INFORMATION PROVIDED =

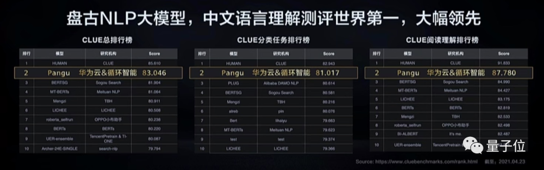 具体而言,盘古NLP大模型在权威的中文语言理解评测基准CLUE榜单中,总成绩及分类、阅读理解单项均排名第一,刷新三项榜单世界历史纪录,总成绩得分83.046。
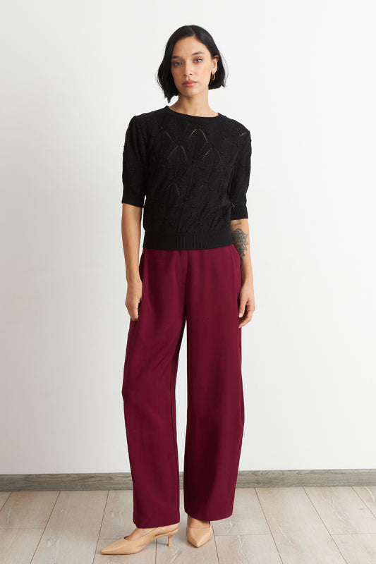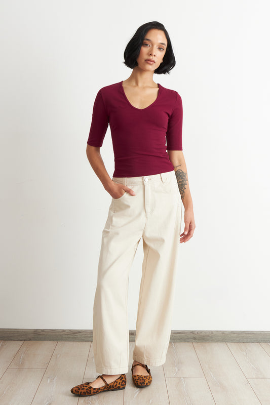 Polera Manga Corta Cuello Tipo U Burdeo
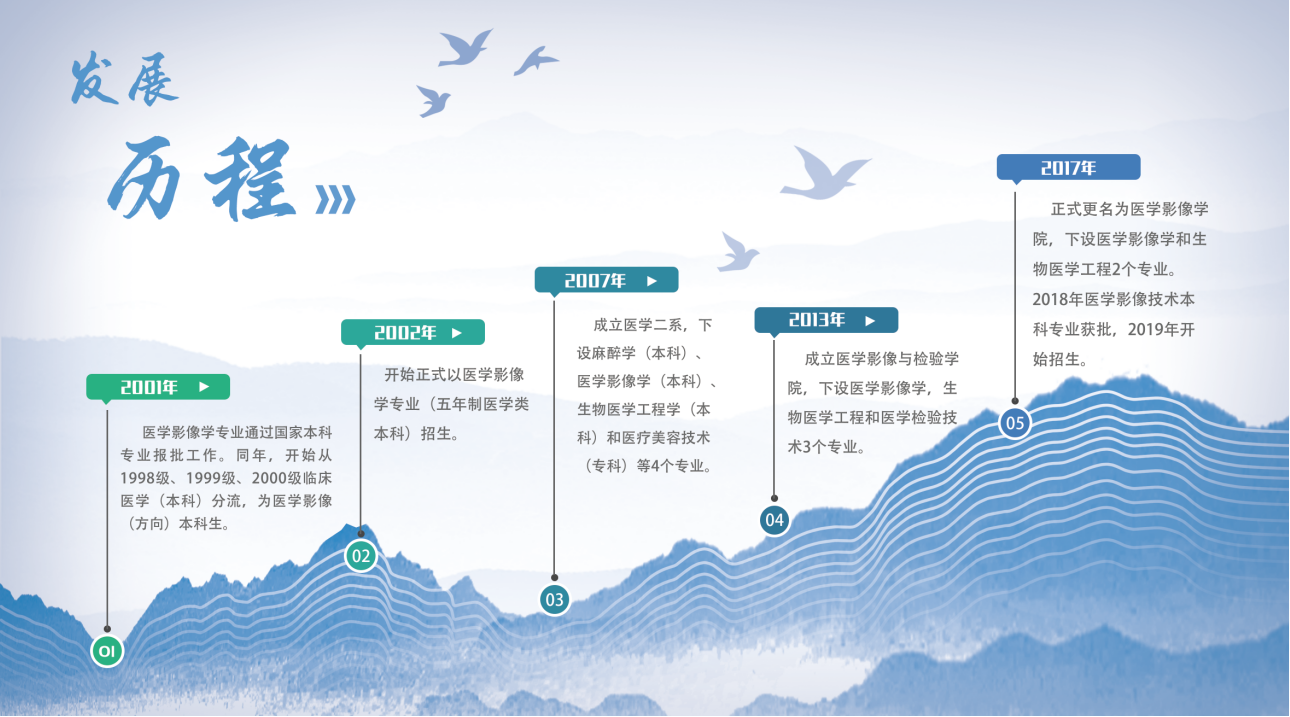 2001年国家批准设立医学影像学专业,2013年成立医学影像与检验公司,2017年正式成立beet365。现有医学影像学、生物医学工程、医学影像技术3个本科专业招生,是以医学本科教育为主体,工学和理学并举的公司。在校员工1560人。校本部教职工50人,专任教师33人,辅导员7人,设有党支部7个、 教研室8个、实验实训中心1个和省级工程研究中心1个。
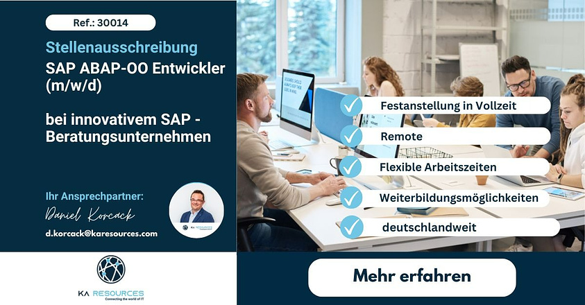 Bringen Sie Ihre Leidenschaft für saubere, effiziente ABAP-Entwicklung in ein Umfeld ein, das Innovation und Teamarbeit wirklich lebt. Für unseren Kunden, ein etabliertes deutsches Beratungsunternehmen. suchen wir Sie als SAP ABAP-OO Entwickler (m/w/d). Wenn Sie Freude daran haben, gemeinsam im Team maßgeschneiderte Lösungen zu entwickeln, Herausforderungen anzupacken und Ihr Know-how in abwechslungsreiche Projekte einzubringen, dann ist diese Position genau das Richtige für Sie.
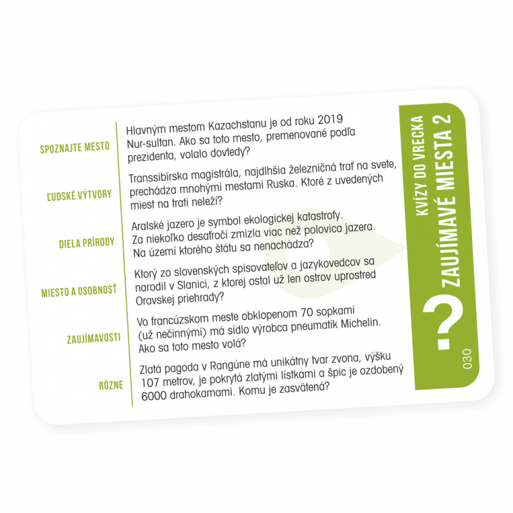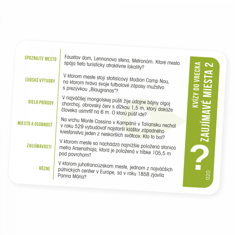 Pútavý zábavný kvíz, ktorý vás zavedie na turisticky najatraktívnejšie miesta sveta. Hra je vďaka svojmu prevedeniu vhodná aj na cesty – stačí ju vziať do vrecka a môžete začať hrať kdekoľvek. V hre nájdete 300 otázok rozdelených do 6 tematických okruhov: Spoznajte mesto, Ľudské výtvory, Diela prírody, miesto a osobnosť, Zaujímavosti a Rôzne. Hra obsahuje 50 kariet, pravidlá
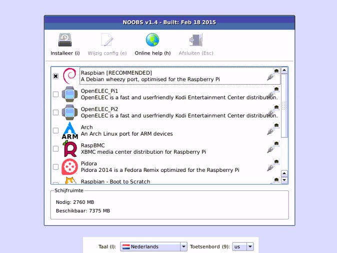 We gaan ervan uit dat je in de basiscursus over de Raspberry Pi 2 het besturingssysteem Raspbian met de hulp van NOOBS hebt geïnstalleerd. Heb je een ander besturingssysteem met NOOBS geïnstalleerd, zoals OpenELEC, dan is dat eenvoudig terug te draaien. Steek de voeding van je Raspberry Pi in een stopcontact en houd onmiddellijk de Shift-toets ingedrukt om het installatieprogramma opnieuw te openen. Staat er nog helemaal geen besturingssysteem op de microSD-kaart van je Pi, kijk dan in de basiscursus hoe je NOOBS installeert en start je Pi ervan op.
==
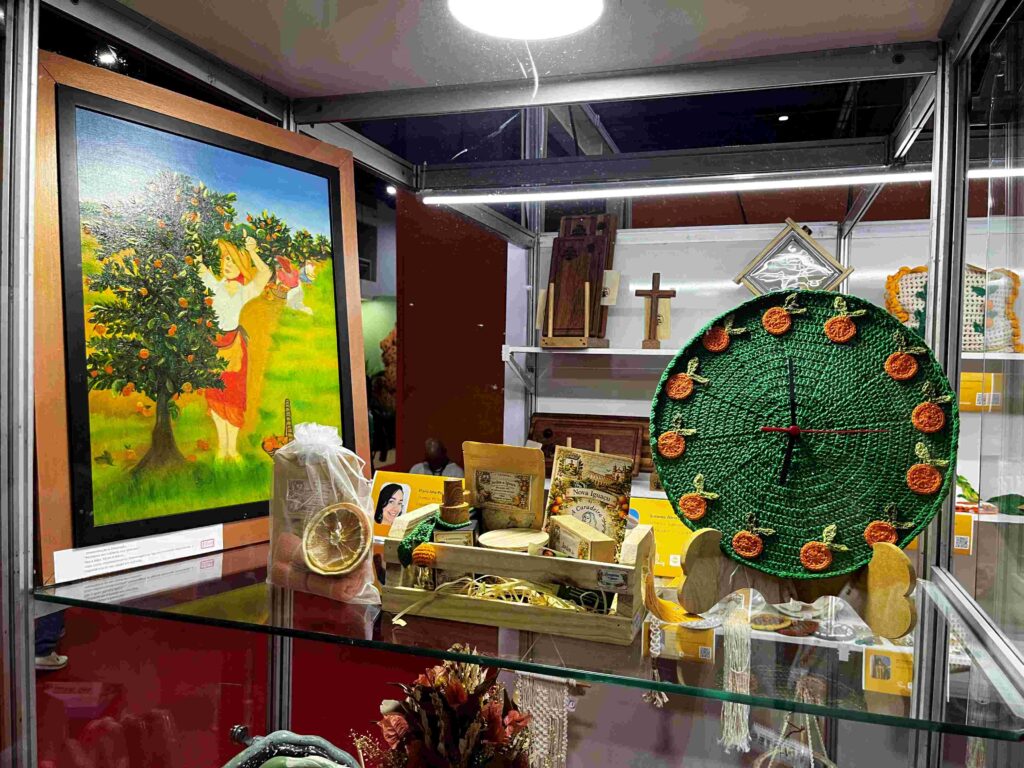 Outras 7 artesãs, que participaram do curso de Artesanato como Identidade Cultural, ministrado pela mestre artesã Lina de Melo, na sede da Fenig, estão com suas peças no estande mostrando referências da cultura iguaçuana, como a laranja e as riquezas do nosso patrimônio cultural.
---
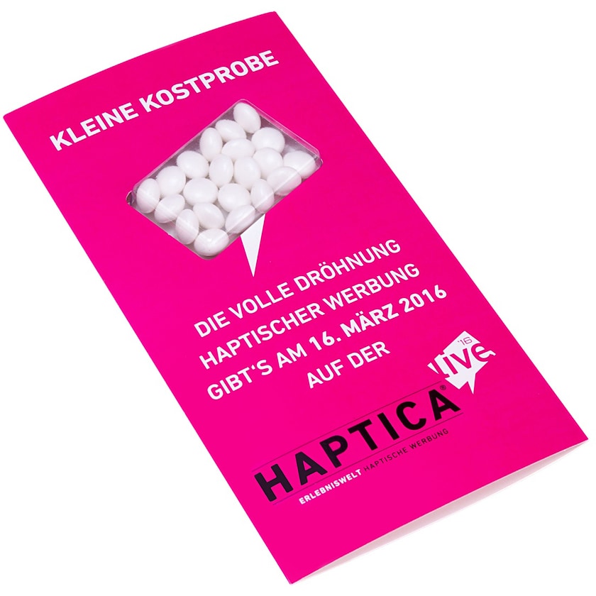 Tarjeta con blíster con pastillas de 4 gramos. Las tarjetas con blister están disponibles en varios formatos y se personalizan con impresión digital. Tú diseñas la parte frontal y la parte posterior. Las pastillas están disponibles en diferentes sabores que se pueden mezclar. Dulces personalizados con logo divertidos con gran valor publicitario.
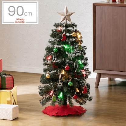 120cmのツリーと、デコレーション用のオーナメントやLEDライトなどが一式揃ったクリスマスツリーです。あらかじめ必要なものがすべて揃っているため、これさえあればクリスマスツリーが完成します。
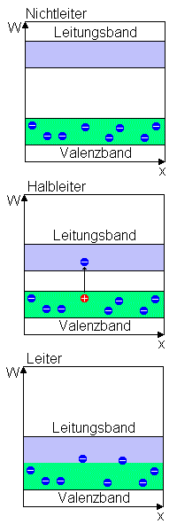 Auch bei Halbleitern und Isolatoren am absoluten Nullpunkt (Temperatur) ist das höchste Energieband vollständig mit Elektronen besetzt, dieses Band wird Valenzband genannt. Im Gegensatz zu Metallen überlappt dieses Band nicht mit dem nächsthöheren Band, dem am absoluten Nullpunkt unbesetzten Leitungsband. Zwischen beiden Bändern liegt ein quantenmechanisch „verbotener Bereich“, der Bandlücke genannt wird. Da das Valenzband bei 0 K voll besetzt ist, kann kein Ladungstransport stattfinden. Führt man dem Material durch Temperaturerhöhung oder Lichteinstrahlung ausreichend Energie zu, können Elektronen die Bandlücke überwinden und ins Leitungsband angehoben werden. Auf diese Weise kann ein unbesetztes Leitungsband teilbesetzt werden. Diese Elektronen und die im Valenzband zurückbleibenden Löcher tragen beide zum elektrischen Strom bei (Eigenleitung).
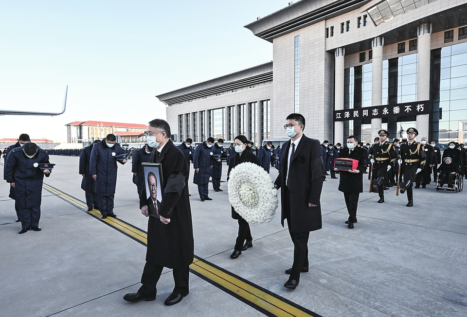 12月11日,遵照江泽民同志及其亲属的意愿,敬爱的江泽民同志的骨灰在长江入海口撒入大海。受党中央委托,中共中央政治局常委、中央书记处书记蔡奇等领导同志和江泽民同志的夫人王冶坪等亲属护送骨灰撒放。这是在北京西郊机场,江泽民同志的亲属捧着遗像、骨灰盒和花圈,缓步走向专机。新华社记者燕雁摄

EXERCISE AIM = Output only the lines above from the line that holds "120cmのツリーと、デコレ" through the line that holds "12月11日,遵照江泽民同志", both ends included, and exclude pictures.

SOLUTION =
 120cmのツリーと、デコレーション用のオーナメントやLEDライトなどが一式揃ったクリスマスツリーです。あらかじめ必要なものがすべて揃っているため、これさえあればクリスマスツリーが完成します。
 Auch bei Halbleitern und Isolatoren am absoluten Nullpunkt (Temperatur) ist das höchste Energieband vollständig mit Elektronen besetzt, dieses Band wird Valenzband genannt. Im Gegensatz zu Metallen überlappt dieses Band nicht mit dem nächsthöheren Band, dem am absoluten Nullpunkt unbesetzten Leitungsband. Zwischen beiden Bändern liegt ein quantenmechanisch „verbotener Bereich“, der Bandlücke genannt wird. Da das Valenzband bei 0 K voll besetzt ist, kann kein Ladungstransport stattfinden. Führt man dem Material durch Temperaturerhöhung oder Lichteinstrahlung ausreichend Energie zu, können Elektronen die Bandlücke überwinden und ins Leitungsband angehoben werden. Auf diese Weise kann ein unbesetztes Leitungsband teilbesetzt werden. Diese Elektronen und die im Valenzband zurückbleibenden Löcher tragen beide zum elektrischen Strom bei (Eigenleitung).
 12月11日,遵照江泽民同志及其亲属的意愿,敬爱的江泽民同志的骨灰在长江入海口撒入大海。受党中央委托,中共中央政治局常委、中央书记处书记蔡奇等领导同志和江泽民同志的夫人王冶坪等亲属护送骨灰撒放。这是在北京西郊机场,江泽民同志的亲属捧着遗像、骨灰盒和花圈,缓步走向专机。新华社记者燕雁摄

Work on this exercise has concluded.